He did however explain some more real-life factors that I hadn't been exposed to yet such as the reverse-complement half of the DNA being tossed in there among the forward data, which has to be identified and paired up with its complementary reads. Fortunately that turns out to be trivial but I do want to get it into the program before I give it to anyone.

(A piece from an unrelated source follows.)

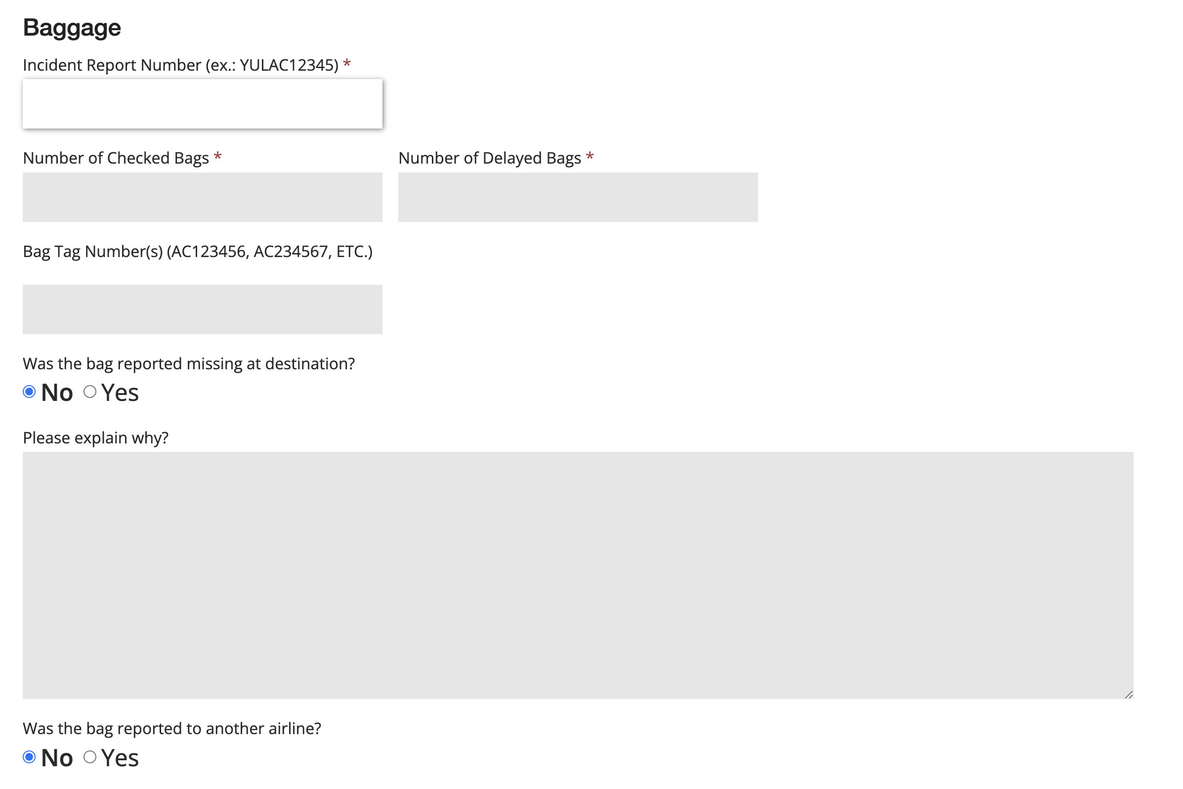 Incident Report Number는 처음 받은 이메일에 적혀있는 'delayed bag file number'를 입력하시면 됩니다

Also, I can build contigs from my data at almost no extra overhead, so I want to implement that too. I realised that currently my algorithm would only let me extend any arbitrary read into a contig in one direction, and although that is trivially solved by creating two tables - one with the data forwards and one with it entered reversed - I think that I can cheat and extend to the left by using the reverse-complements alone. It'll mean building contigs using only half the possible reads, but it does mean that we can avoid using twice as much RAM which means not requiring twice as many compute nodes. Or if the nodes are available, I can use them and get higher confidence/better coverage.

Anyway, the interesting part to my colleague was not that this has the potential to be faster than the assembler he uses, but that having understood the data structure, he thinks it may be able to build better contigs, because it effectively finds all overlaps of any read from 2 character overlaps all the way up to (in this case) 70 character overlaps. (See below for an example, sorry the web upload has lost the indentation I used to align them)

So... progress so far...

My test file has 30 million reads (although almost 50% of them are exact duplicates of others in the file) of 70 characters each. My code requires 21Gb of RAM for the data structure to hold this much, which it gets by using two compute nodes with 16Gb each. A larger problem would require proportionately more RAM, so 60M reads for example would need 42Gb and could be handled by 3 compute nodes.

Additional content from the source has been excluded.